In the records below, the relevant part opens with the line containing "化工行业周报:轮胎价格上涨,万华福建拟扩160万吨MDI产能" and closes with the line containing "索比光伏网讯:财富中文网于北"; print that part exactly and only, without its pictures.

** Opening GIVEN RECORDS block **

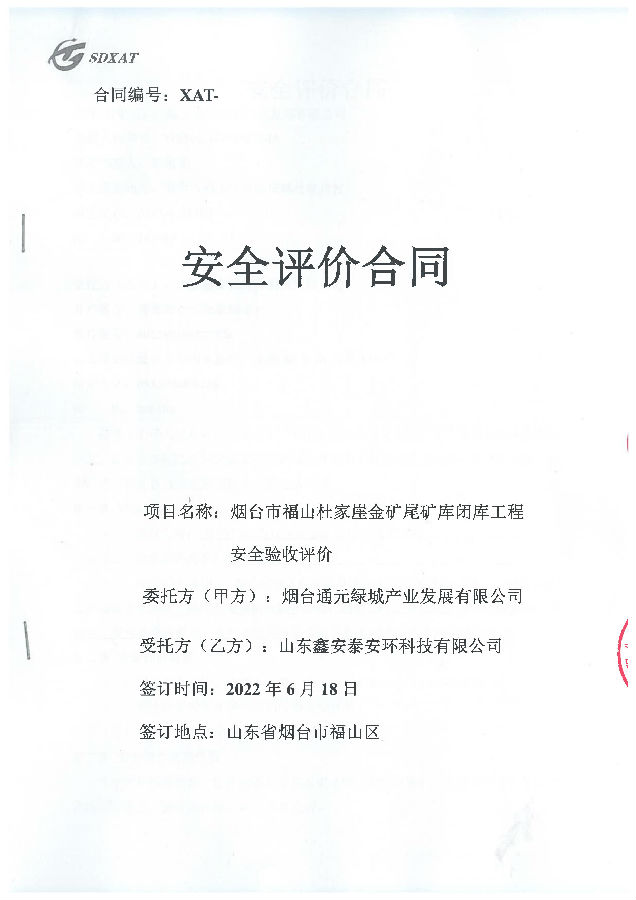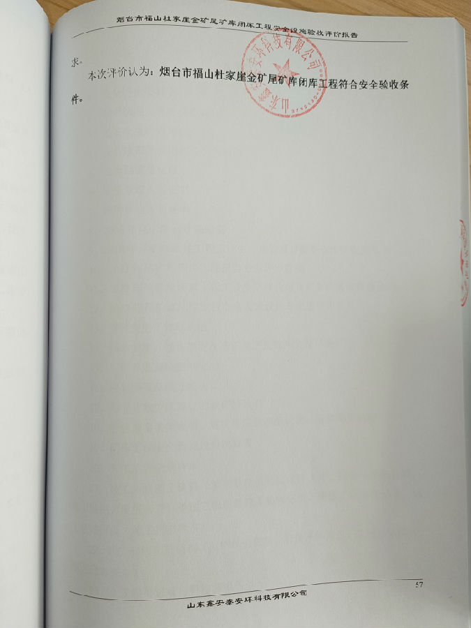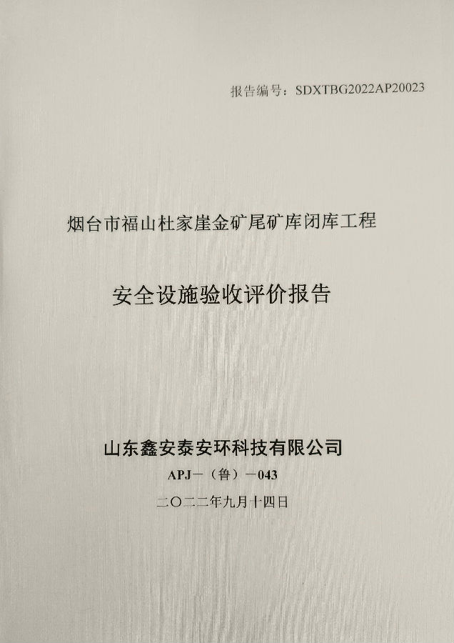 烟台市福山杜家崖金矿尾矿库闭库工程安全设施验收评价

** Closing GIVEN RECORDS block **
** Opening GIVEN RECORDS block **

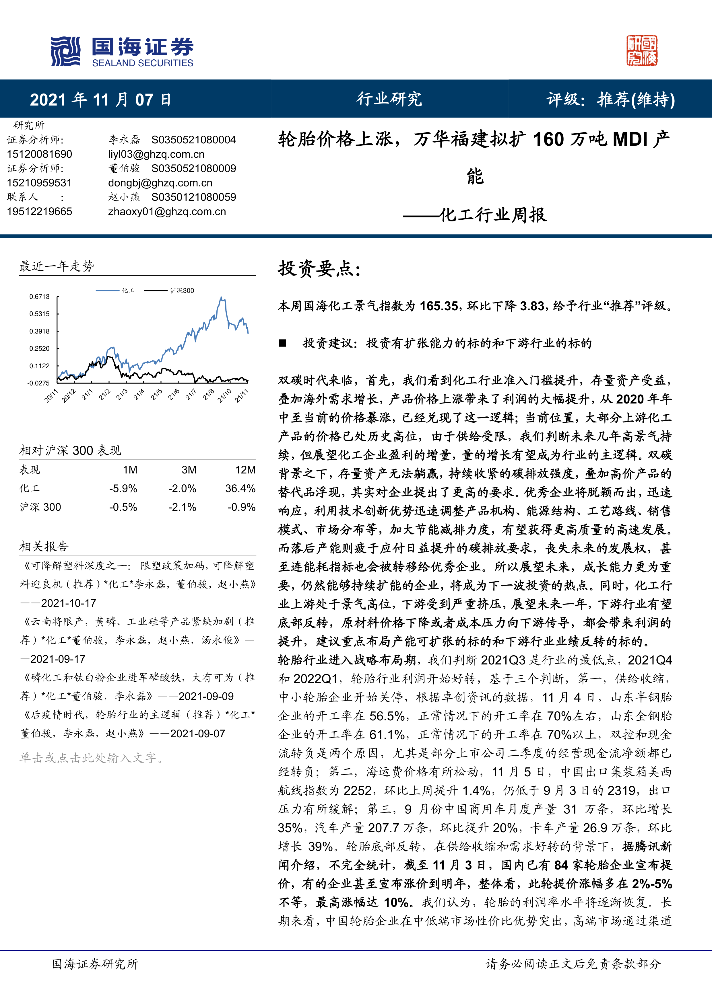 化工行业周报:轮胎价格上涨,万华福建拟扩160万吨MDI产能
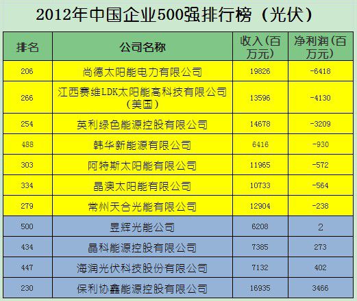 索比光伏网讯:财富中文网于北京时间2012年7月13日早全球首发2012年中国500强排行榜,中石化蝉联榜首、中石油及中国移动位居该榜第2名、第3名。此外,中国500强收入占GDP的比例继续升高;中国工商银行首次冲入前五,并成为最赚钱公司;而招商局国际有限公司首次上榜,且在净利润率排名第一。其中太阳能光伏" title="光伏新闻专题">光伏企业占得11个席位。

** Closing GIVEN RECORDS block **

**COMPLETED EXERCISE**
 化工行业周报:轮胎价格上涨,万华福建拟扩160万吨MDI产能
 索比光伏网讯:财富中文网于北京时间2012年7月13日早全球首发2012年中国500强排行榜,中石化蝉联榜首、中石油及中国移动位居该榜第2名、第3名。此外,中国500强收入占GDP的比例继续升高;中国工商银行首次冲入前五,并成为最赚钱公司;而招商局国际有限公司首次上榜,且在净利润率排名第一。其中太阳能光伏" title="光伏新闻专题">光伏企业占得11个席位。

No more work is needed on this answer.